# Grow controllers? Do they exist?



## Squatchbud (Dec 26, 2018)

Ok guys, as well as my horticultural interests, I also keep coral reef aquariums. As I was thinking about my reef hobby the other day, it occurred to me that I have a controller on my reef that monitors water parameters and then automatically turns on and off different pieces of equipment in order to keep my parameters within the desired range I want. Do they make a unit like this that could measure humidity in a tent/grow room? A unit that could monitor both temperature and humidity would be awesome. If said controller could then switch on or off humidifiers, dehumidifiers, and fans to maintain the desired levels. Does such a controller exist? If so, how much do they go for and what are they called?  Thanks.


----------



## Growdude (Dec 27, 2018)

https://growgps.com/products/chhc4i/
Controls Temps/humidity and Co2 level


----------



## pcduck (Dec 27, 2018)

https://www.plantlightinghydroponics.com/products/atmosphere-controls/master-controllers.html


The one I use controls co2, temps, and humidity


----------



## Squatchbud (Dec 27, 2018)

PC, how do you like it? Is it worth the cost? Is it reliable? I am considering one, but I wanna hear from people that use them first.


----------



## pcduck (Dec 27, 2018)

Definitely needed if running co2.
Not so much if not, but the plants seem to enjoy the stable environment.

I like mine.


----------



## Squatchbud (Dec 27, 2018)

Good to know. After I get a grow or two under my belt and start using CO2, I'll have to get one. Thanks.


----------



## Growdude (Dec 28, 2018)

Is that place still in business ?
Still buy from them?
They still owe me.


----------



## pcduck (Dec 28, 2018)

@Growdude 

I'm not sure if open or not. I haven't had the need to purchase anything lately from them.


----------



## Rjb (Jun 28, 2019)

I no its not really what your asking but what about the northern lights grow boxs


----------



## stinkyattic (Sep 9, 2019)

There are also controllers to monitor and automatically adjust reservoir pH. I use these at work for a flow through wastewater treatment system, and at my previous job for industrial fish tanks. Yes there are industrial fish tanks, it's a thing, and I have swum in them (with the fish, no less, eww, no wetsuit, no scuba gear, absolutely disgusting) more times than I'd like to remember. Seriously it's the stuff of nightmares and definitely violates OSHA confined space entry regs. Worst job I've ever had. And I've had some doozies.

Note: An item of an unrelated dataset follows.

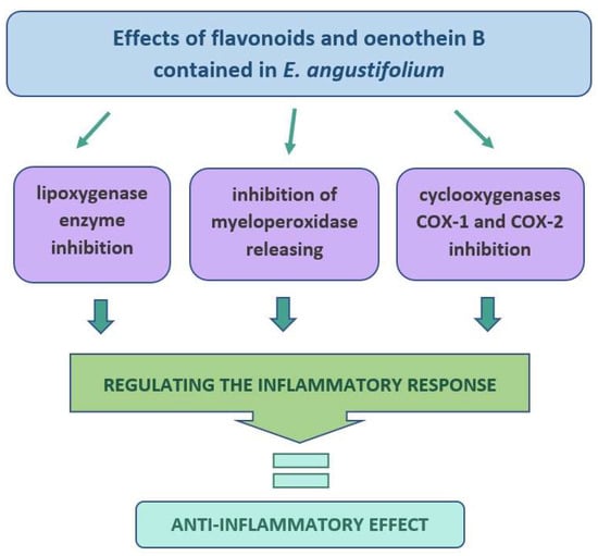 A diagram showing schematically the mechanism of the anti-inflammatory effect of the ingredients contained in E. angustifolium.

The basic principle is you've got a probe in the tank, which needs to be cleaned every couple days, hooked to a controller (preferably also to an alarm) where you set high/low parameters. Then the controller outputs to a dosing pump which controls a feed from a chemical reservoir. 

Since you probably already know which way you'll drift, you choose either pH up or pH down. A two pump system is much more costly and a bigger PITA to operate.

Let's say your res drifts down over time. You'd choose pH up, and set your parameters to dose when the pH falls below say, 6.4, and to shut off at 6.8 (this is just an example). When the probe input to the controller falls below setpoint, the controller calls for some caustic and activates the pump. Usually this would be a peristaltic pump which is quiet and low flow. It pumps in some solution and shuts off when it hits the setpoint.

I have seen these systems fail catastrophically resulting in Very Bad Things. They need to be cleaned and inspected daily, and you need some type of constant mixing in the res to make them accurate. 

For a home grower it's more expense and headache than it's worth. You'd see a setup like this in a larger commercial operation with a daily inspection log to confirm someone has been wiping volume off the probe and calibrating the controller.


----------